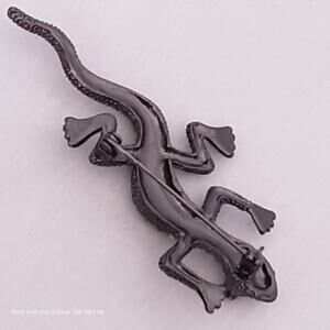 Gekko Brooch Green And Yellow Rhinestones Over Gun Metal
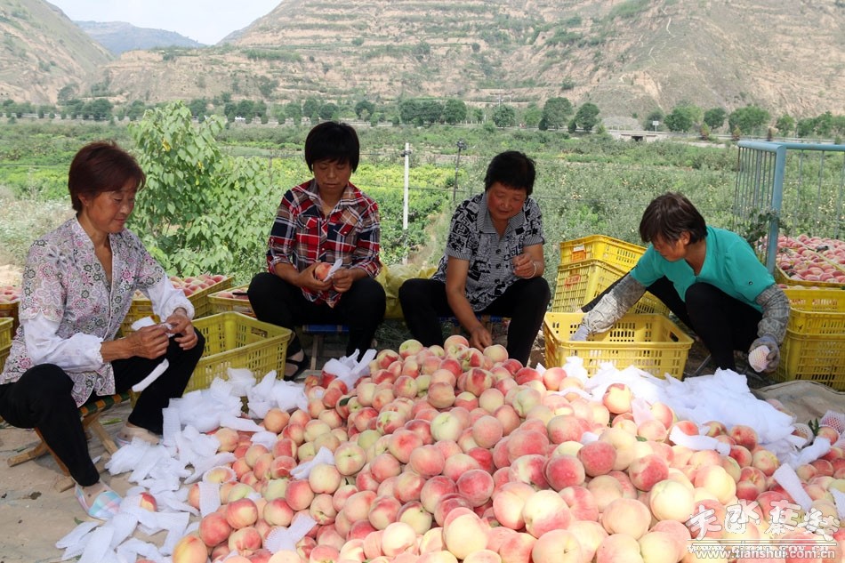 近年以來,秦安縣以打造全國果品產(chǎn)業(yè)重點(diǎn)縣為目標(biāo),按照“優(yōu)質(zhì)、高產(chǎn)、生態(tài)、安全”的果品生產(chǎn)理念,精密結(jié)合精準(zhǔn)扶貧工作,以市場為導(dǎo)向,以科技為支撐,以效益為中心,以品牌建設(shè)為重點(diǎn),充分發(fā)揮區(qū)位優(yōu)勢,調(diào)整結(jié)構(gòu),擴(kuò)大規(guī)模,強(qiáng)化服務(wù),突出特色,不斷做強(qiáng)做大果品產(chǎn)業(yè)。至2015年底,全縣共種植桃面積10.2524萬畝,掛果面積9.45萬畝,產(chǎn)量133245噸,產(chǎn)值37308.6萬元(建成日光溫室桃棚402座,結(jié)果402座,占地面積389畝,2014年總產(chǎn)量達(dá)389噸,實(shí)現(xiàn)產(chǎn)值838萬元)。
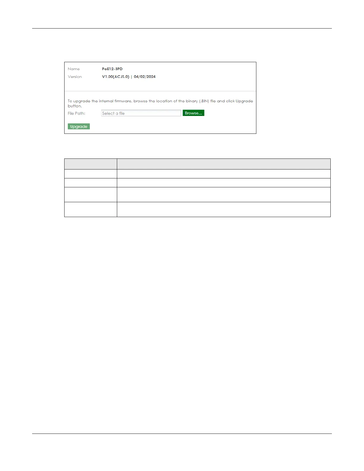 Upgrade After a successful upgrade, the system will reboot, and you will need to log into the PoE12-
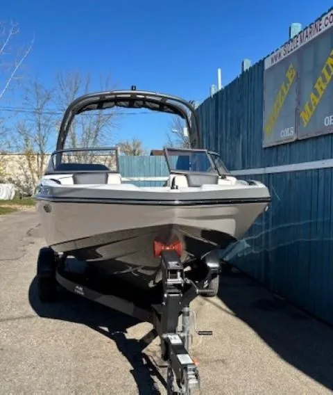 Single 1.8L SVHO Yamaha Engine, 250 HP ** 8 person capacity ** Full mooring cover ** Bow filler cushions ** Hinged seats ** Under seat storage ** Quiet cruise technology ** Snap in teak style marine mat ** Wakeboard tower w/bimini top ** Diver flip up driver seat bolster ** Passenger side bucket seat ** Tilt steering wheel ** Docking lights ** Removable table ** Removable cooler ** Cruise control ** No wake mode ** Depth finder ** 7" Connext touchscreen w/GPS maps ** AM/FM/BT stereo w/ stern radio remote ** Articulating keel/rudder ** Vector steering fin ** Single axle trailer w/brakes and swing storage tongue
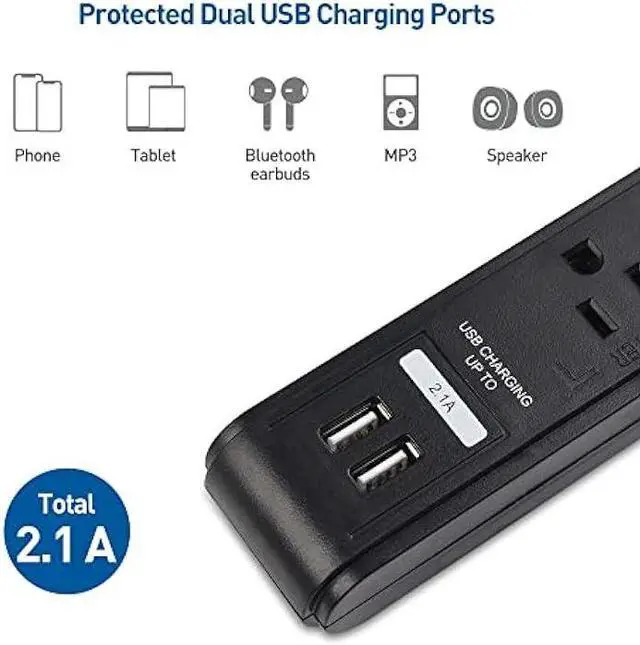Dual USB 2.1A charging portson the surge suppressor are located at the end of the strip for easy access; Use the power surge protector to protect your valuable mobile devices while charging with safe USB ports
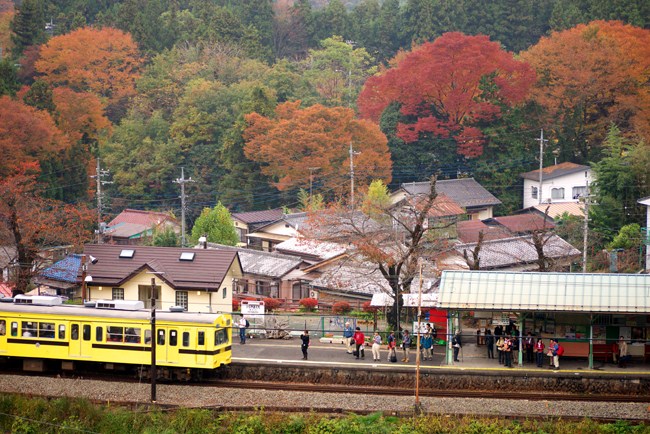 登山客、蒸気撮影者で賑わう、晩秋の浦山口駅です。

...

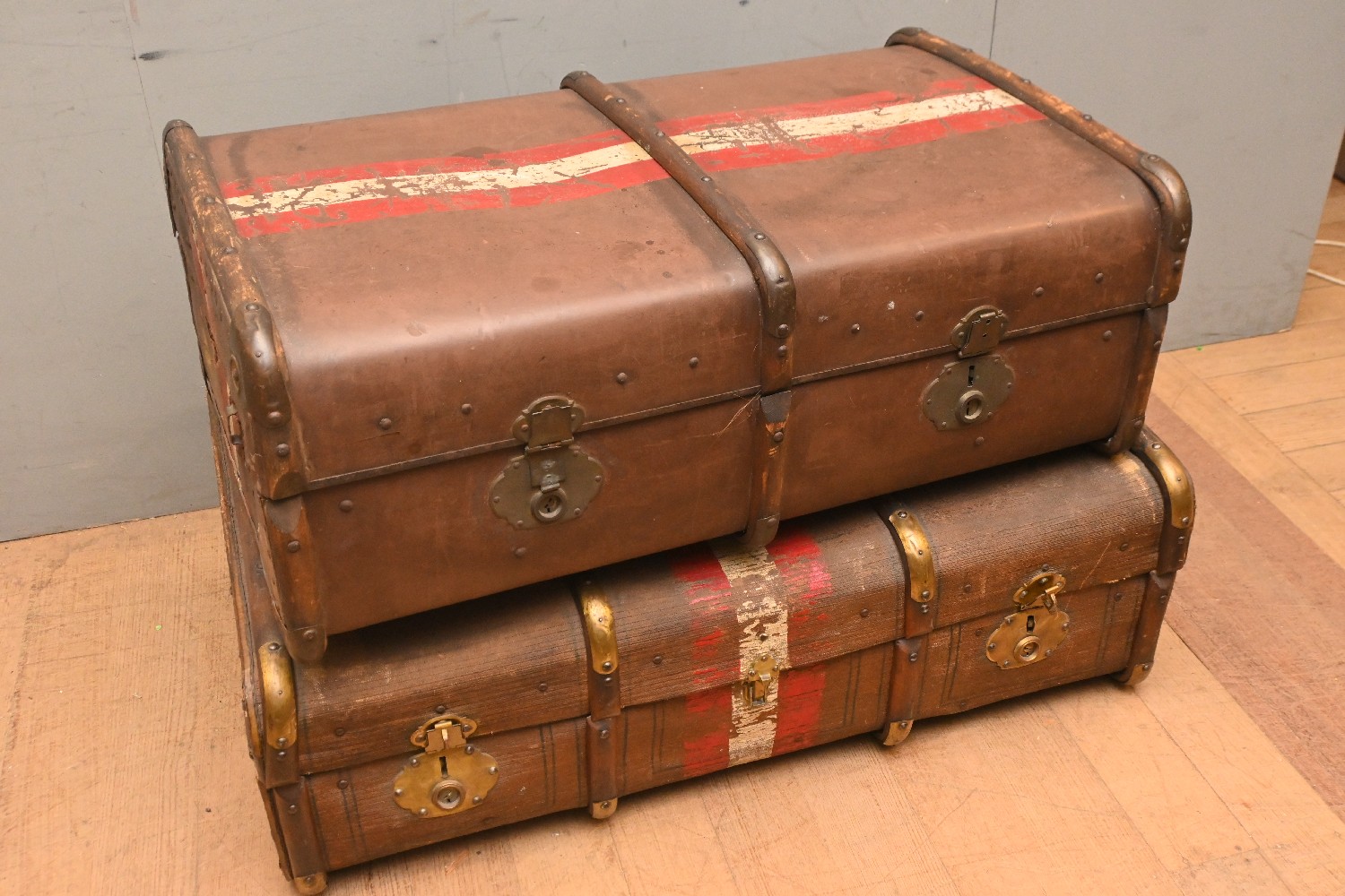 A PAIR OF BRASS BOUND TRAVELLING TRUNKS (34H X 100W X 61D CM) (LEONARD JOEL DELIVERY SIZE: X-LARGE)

- _ABOUT THIS TASK_: Using the records above, repeat exactly the run of lines that starts with the line with "Gekko Brooch Green" and goes on through the line with "登山客、蒸気撮影者で賑わう、晩秋の浦山口駅です。"; omit each picture.

- _TASK RESPONSE_:
 Gekko Brooch Green And Yellow Rhinestones Over Gun Metal
 近年以來,秦安縣以打造全國果品產(chǎn)業(yè)重點(diǎn)縣為目標(biāo),按照“優(yōu)質(zhì)、高產(chǎn)、生態(tài)、安全”的果品生產(chǎn)理念,精密結(jié)合精準(zhǔn)扶貧工作,以市場為導(dǎo)向,以科技為支撐,以效益為中心,以品牌建設(shè)為重點(diǎn),充分發(fā)揮區(qū)位優(yōu)勢,調(diào)整結(jié)構(gòu),擴(kuò)大規(guī)模,強(qiáng)化服務(wù),突出特色,不斷做強(qiáng)做大果品產(chǎn)業(yè)。至2015年底,全縣共種植桃面積10.2524萬畝,掛果面積9.45萬畝,產(chǎn)量133245噸,產(chǎn)值37308.6萬元(建成日光溫室桃棚402座,結(jié)果402座,占地面積389畝,2014年總產(chǎn)量達(dá)389噸,實(shí)現(xiàn)產(chǎn)值838萬元)。
 Upgrade After a successful upgrade, the system will reboot, and you will need to log into the PoE12-
 Single 1.8L SVHO Yamaha Engine, 250 HP ** 8 person capacity ** Full mooring cover ** Bow filler cushions ** Hinged seats ** Under seat storage ** Quiet cruise technology ** Snap in teak style marine mat ** Wakeboard tower w/bimini top ** Diver flip up driver seat bolster ** Passenger side bucket seat ** Tilt steering wheel ** Docking lights ** Removable table ** Removable cooler ** Cruise control ** No wake mode ** Depth finder ** 7" Connext touchscreen w/GPS maps ** AM/FM/BT stereo w/ stern radio remote ** Articulating keel/rudder ** Vector steering fin ** Single axle trailer w/brakes and swing storage tongue
Dual USB 2.1A charging portson the surge suppressor are located at the end of the strip for easy access; Use the power surge protector to protect your valuable mobile devices while charging with safe USB ports
 登山客、蒸気撮影者で賑わう、晩秋の浦山口駅です。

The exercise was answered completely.